OKAY SO, y'all know my grandma died around a year ago. My grandma was a hoarder (affectionate). During her life, she collected glass perfume bottles. Now she's gone, and the family is left with thousands of perfume bottles. Thousands. I am not kidding. A lot of (wat de fuck is "nabestaanden" in het Engels?) nabestaanden have gotten some as a memory of her. I have four on my windowsill. We've sold some, cause throwing them away feels kind of wrong. As in, yeah, gran dead, let's kick out her life's work! So we sold some, because we'd rather make other collectors who can appreciate it happy. But, as my family has noticed after a year, daar is geen beginnen aan. Basically, throwing them away is really the easiest, but again, that feels bad. We have no use for them, but it really was her life's work, some of her most prized possessions.
(I have a fic-related point. Bear with me.)
Today I got the news that apparently a castle wants the perfume bottles. I do not know the details, so I don't know if my family is selling or donating, or if the castle wants all of them, or only a couple of hundred, but basically a castle wants them for a museum. They will display her name and present it in an exhibition and I may or may not have almost cried. The idea of having a woman's life work portrayed like that. She is dead, gone, deceased, and yet her work lives on. It is so insignificant on a large scale, yet still significant in its own way. Ever since my uncle died in 2020 and my grandma died in 2022 I have been thinking about legacy and what not, and how we have all these things, but how in a couple of years times, personal belongings of deceased people will be of value because they teach something about ordinary life. For example, I also inherited a book from my grandma. It was written in, I think, the 1860s and it is a dissertation on the first constitution of the Netherlands and I don't give a shit about law, but the fact that this man's dissertation ended up in my grandma's house and that I was able to find him online (geboorteakte, overlijdingsakte, you know) is spectacular. And that I was moved. That I was sad to see he died relatively young. And you may have heard that there's a exhibition on class photo's somewhere. I saw it on het Jeugdjournaal. You know, that kind of stuff? That really moves me. That I can go to an exhibition that displays stranger's belongings and that I can be moved by the thought that they were there, and that they mattered, and the fact that it's happening to my grandma... oh BOy.

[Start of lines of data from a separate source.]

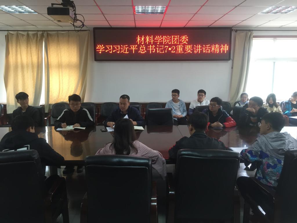 于院办二层会议室举行了深入学习领会习近平总书记“7.2”重要精神和学习宣传贯彻团的十八大精神会议。本次会议的主讲人是院团委书记毋登辉,参加本次会议的人员有院团委各部门代表和除大一以外的各年级团支书。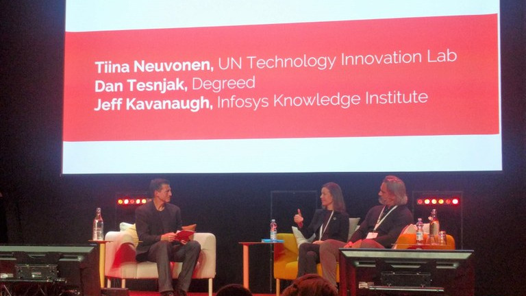 Tiina Neuvonen, YK:n Technology Innovation Labista ja Dan Tesnjak Degreed EMEA:sta keskustelivat Jeff Kavanaughin johdolla osaamisen kriisistä takkatulen äärellä, joskin ilman tulta. Mieleen tästä keskustelusta jäivät erityisesti oppimisen yksilölähtöisyyden korostuminen tulevaisuudessa.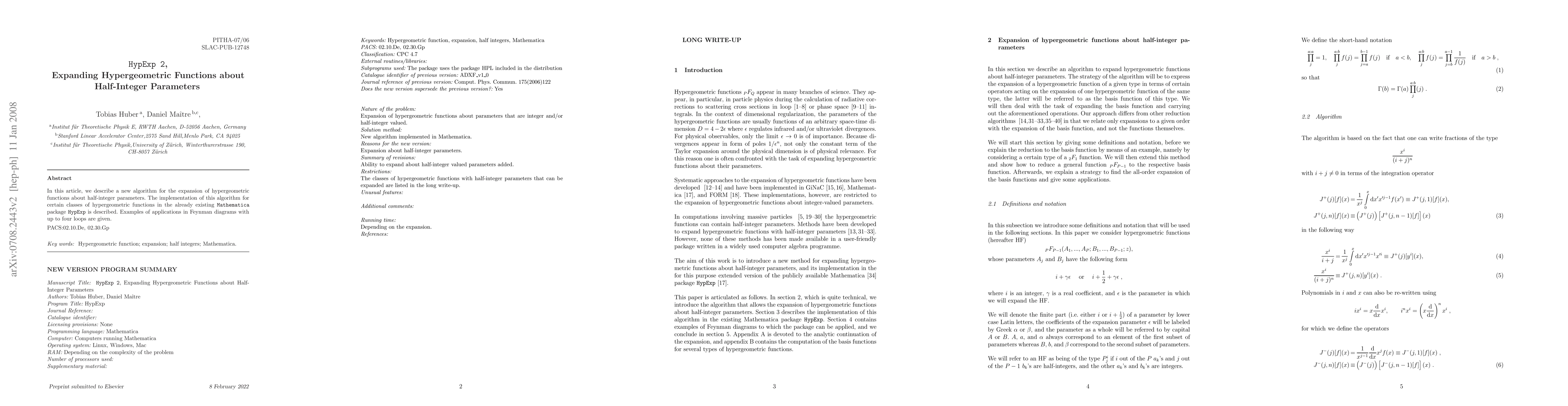In this article, we describe a new algorithm for the expansion of hypergeometric functions about half-integer parameters. The implementation of this algorithm for certain classes of hypergeometric functions in the already existing Mathematica package HypExp is described. Examples of applications in Feynman diagrams with up to four loops are given.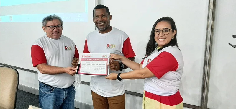 Antes de concluir a programação do evento, o Sintest/RN homenageou os servidores filiados Ieda Salviano e Francisco de Assis (Fran), que fazem parte da história da entidade, tendo participado ativamente da fundação e das lutas do sindicato nesses 31 anos. Ieda agradeceu a homenagem e convocou os presentes a se mobilizarem junto ao sindicato. Fran, que não pôde participar do evento, enviou um vídeo, que foi exibido para todos os presentes, no qual registra sua felicidade pelos 31 anos da entidade que ajudou a construir. O Sintest/RN também prestou homenagem à funcionária mais antiga da entidade, Vitória Maria dos Santos, que também não pôde comparecer ao evento e foi representada pelo também funcionário da entidade, Jaildo Dantas.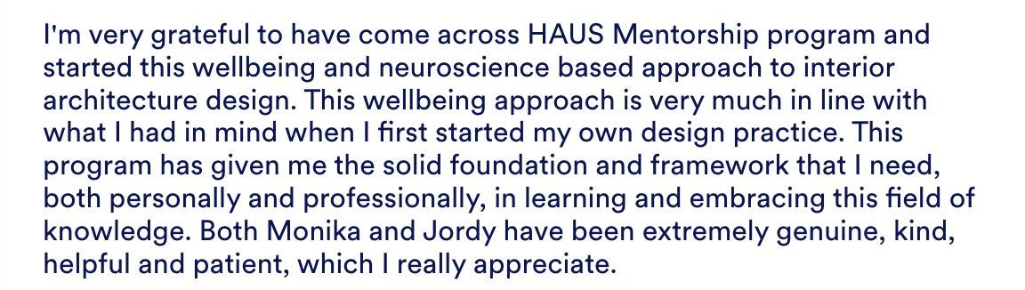 "HAUSENSE is truly a special place to be part of. The knowledge we acquire by bridging neuroscience and design is the missing part in our work as designers that want to create places that enhance well-being! It elevated my work greatly and the connections, community and the individual support you will get there is beyond expectations!"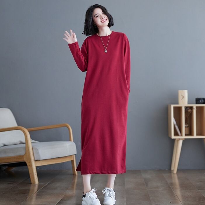 ワンピース ロングワンピース Tシャツワンピース 長袖 ラウンドネック かわいい 大人可愛い きれいめ シンプル 上品 おしゃれ かっこいい レトロ ラフ こなれ感 個性的 主役級 存在感 抜け感 春 秋 冬 キュート ナチュラル ベーシック メンズライク レディース 女性用 ママ マタニティ OL 通勤 学生 通学 デート お出かけ お泊まり イベント 女子会 休日 カフェ ショッピング レストラン 旅行 リゾート コンパ レイヤード 重ね着 普段使い 着回し M L XL 2XL ゆったり 楽ちん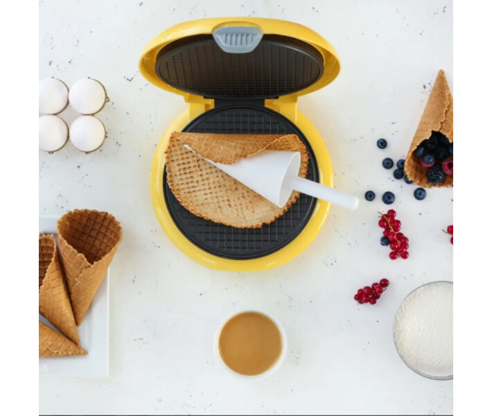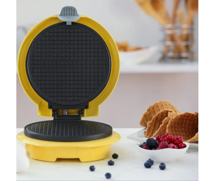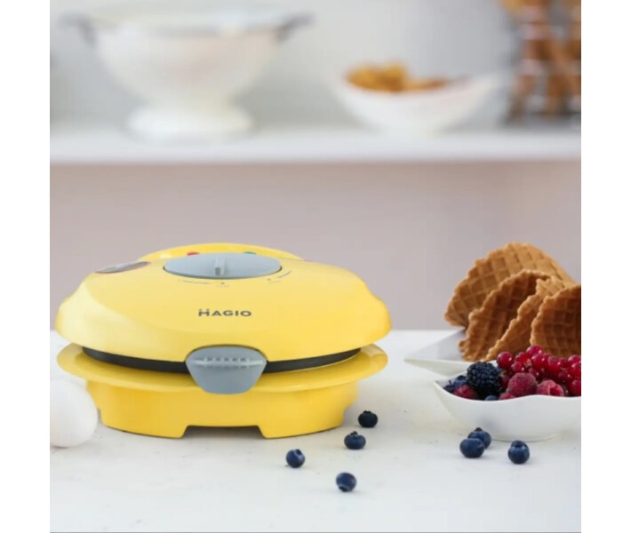 Вафельниця MAGIO MG-397 Вафельниця MAGIO MG-397 – те, що Вам потрібно. Вафельниця MAGIO MG-397 – оновлена версія із ще якісніших матеріалів. Вафельниця MG-390 має всі необхідні функції для того, щоб швидко та без клопоту спекти до сніданку смачні та ароматні вафлі. Нагрівальний елемент потужністю 750 Вт забезпечить швидке та рівномірне нагрівання двох робочих поверхонь з антипригарним покриттям. Вафельниці Magio дуже зручні у використанні, вафлі не пригорають та легко витягуються. Завдяки компактним розмірам та фіксатору вафельницю зручно зберігати. На кришці є світлові індикатори живлення та готовність до роботи, що полегшує контроль процесу приготування. У комплект входить конус для приготування ріжків.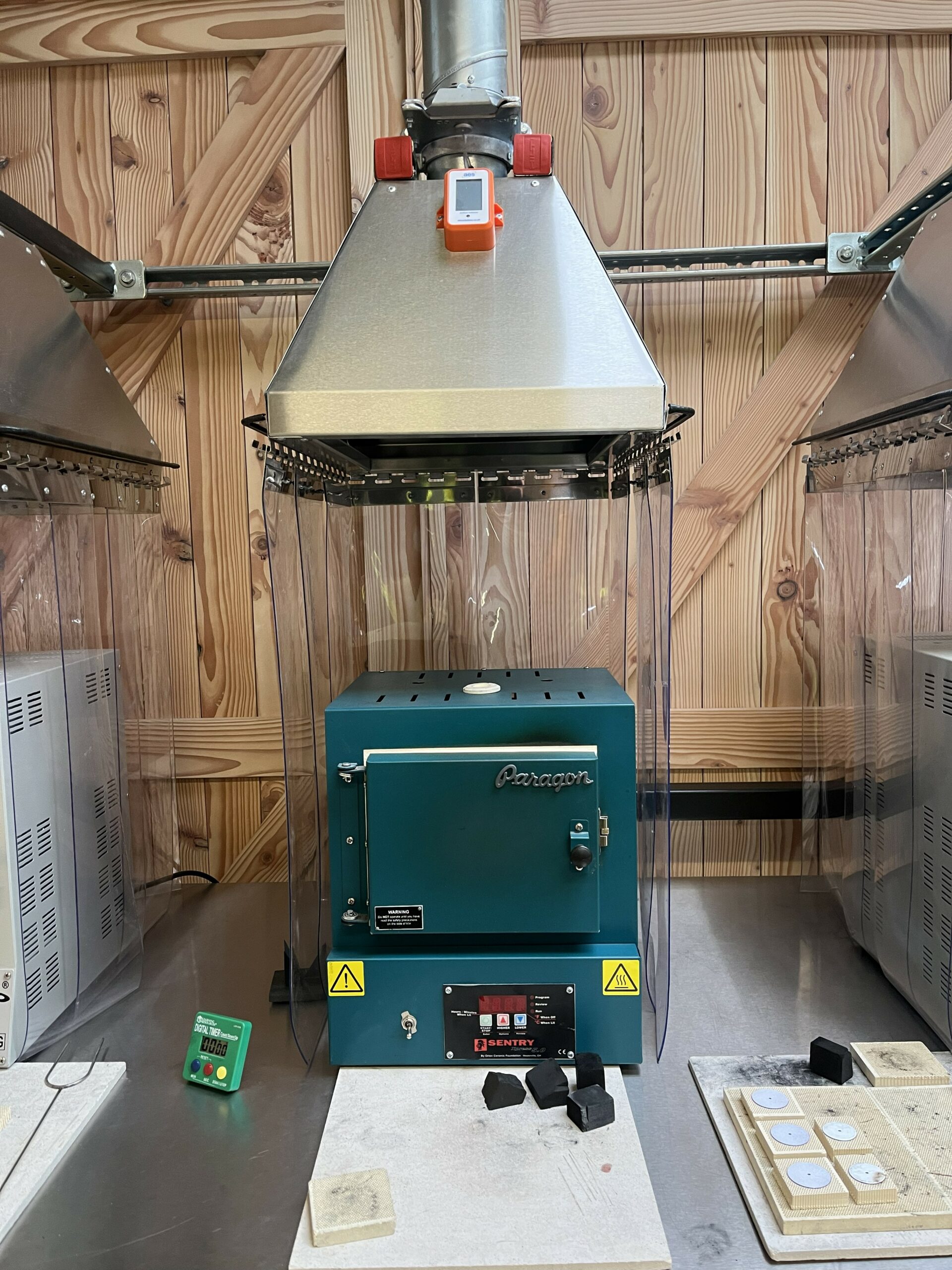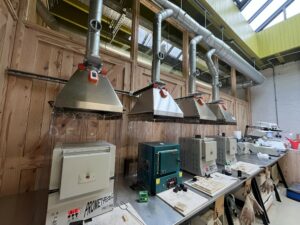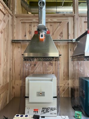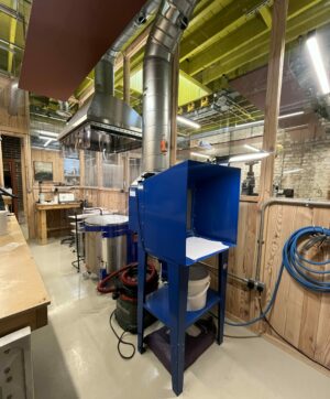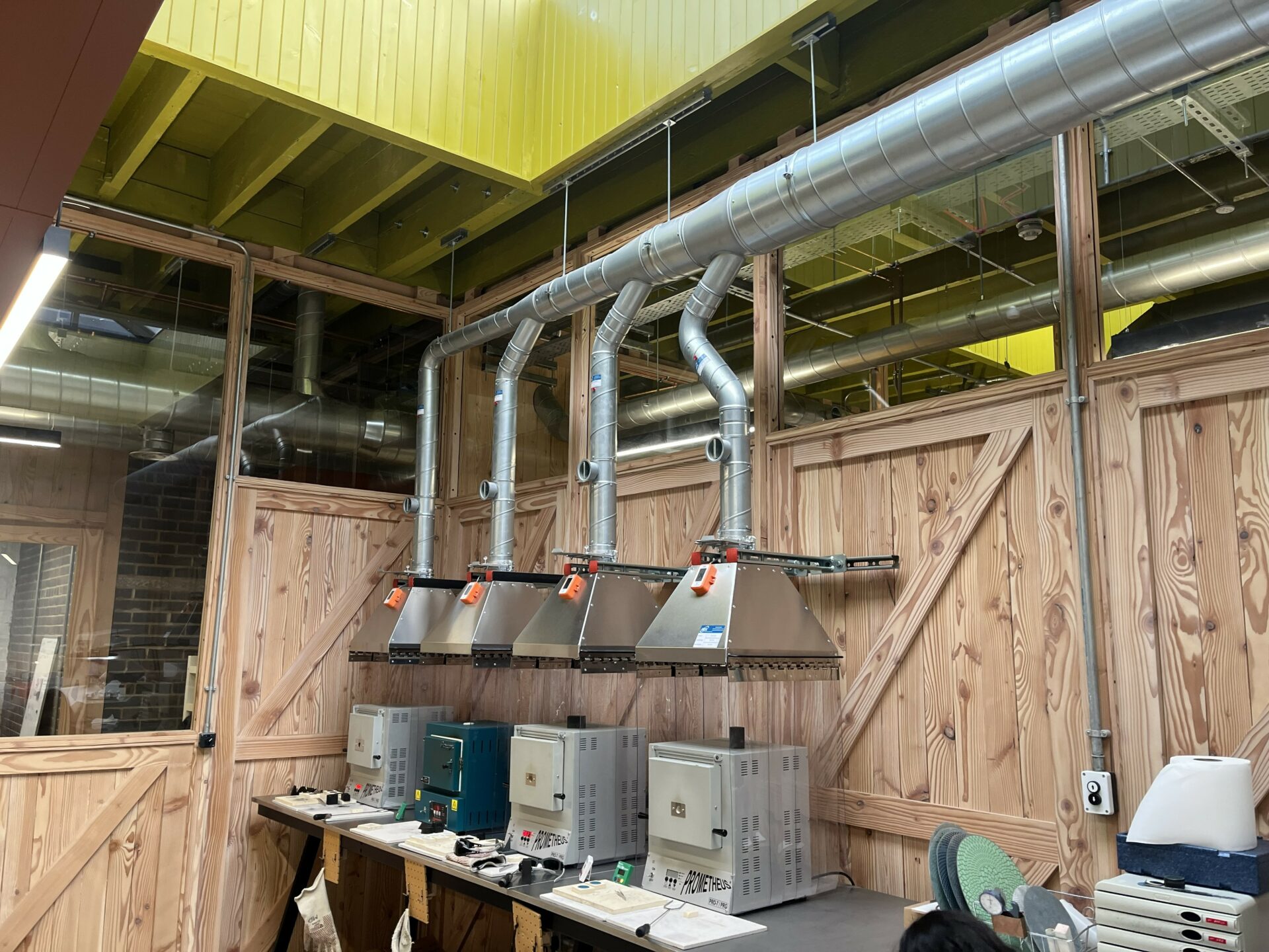 - Custom canopy hoods were fabricated to fit the dimensions of each kiln and workspace, along with a custom fabricated and powder coated brazing hood/station for hot works.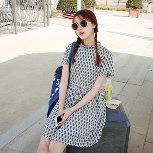 2015夏季新款短袖連衣裙 韓版印花連衣裙 外貿(mào)原單連衣裙 夏季 /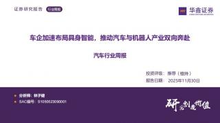[汽车零部件]2025-11-30-华鑫证券-汽车行业周报:车企加速布局具身智能,推动汽车与机器人产业双向奔赴-38页(银创产业通www.chanyetong.net)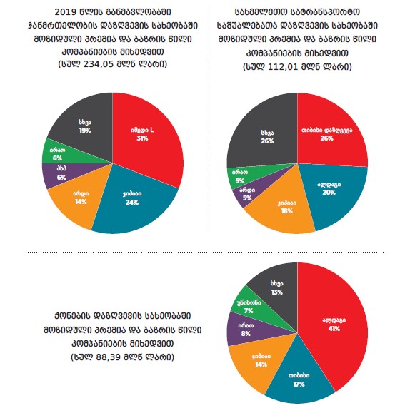 სადაზღვევო სექტორის სამ ყველაზე შემოსავლიან ბაზარზე კომპანიების მიხედვით წილები ასე ნაწილდება: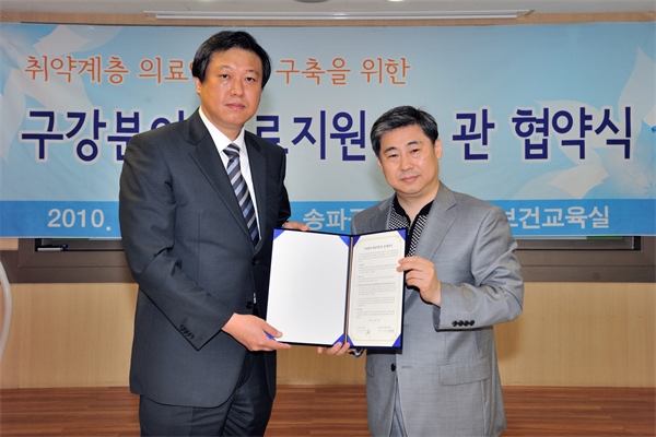 ¼ÛÆÄº¸°Ç¼Ò ±èÀα¹ ¼ÒÀå(¿ì)°ú ¼ÛÆÄ±¸Ä¡°úÀÇ»çȸ Á¤½Â¿ì ȸÀåÀÌ Çù¾à¼­¸¦ ±³È¯Çϰí ÀÖ´Ù.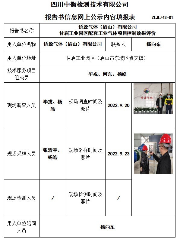 僑源氣體(眉山)有限公司 甘眉工業(yè)園區(qū)配套工業(yè)氣體項(xiàng)目控制效果評(píng)價(jià)

And because I am me, and because I still use Klaine fanfiction as the way to express myself (I mean, I didn't write River fic for nothing), I came up with a fic idea of Kurt anno 2023 going to a fashion exhibition and there he finds a massive, massive bow tie collection from the (recently?) deceased B.D. Anderson and he is so moved in the way that I am moved that he is compelled to find out more about this B.D. Anderson. As in, the fic will express what I feel now, and how legacy is being held up, or how useless things can become meaningful as time passes. Basically how Kurt learns about Blaine's life. It starts by thinking: "Damn, who is this B.D. Anderson who collected a shit ton of bowties during his long life?" and how he becomes invested in this story, the same way I can get invested in learning about ordinary people who have died, in the same way someone might get invested in my grandma's life.
But, uh, yeah, Blaine is dead, totally fucking dead-dead, in this idea and if he weren't, then he'd still be way too fucking old for Kurt. Maybe this is going nowhere. Maybe I will find a way. Who knows. But that's what was on my mind.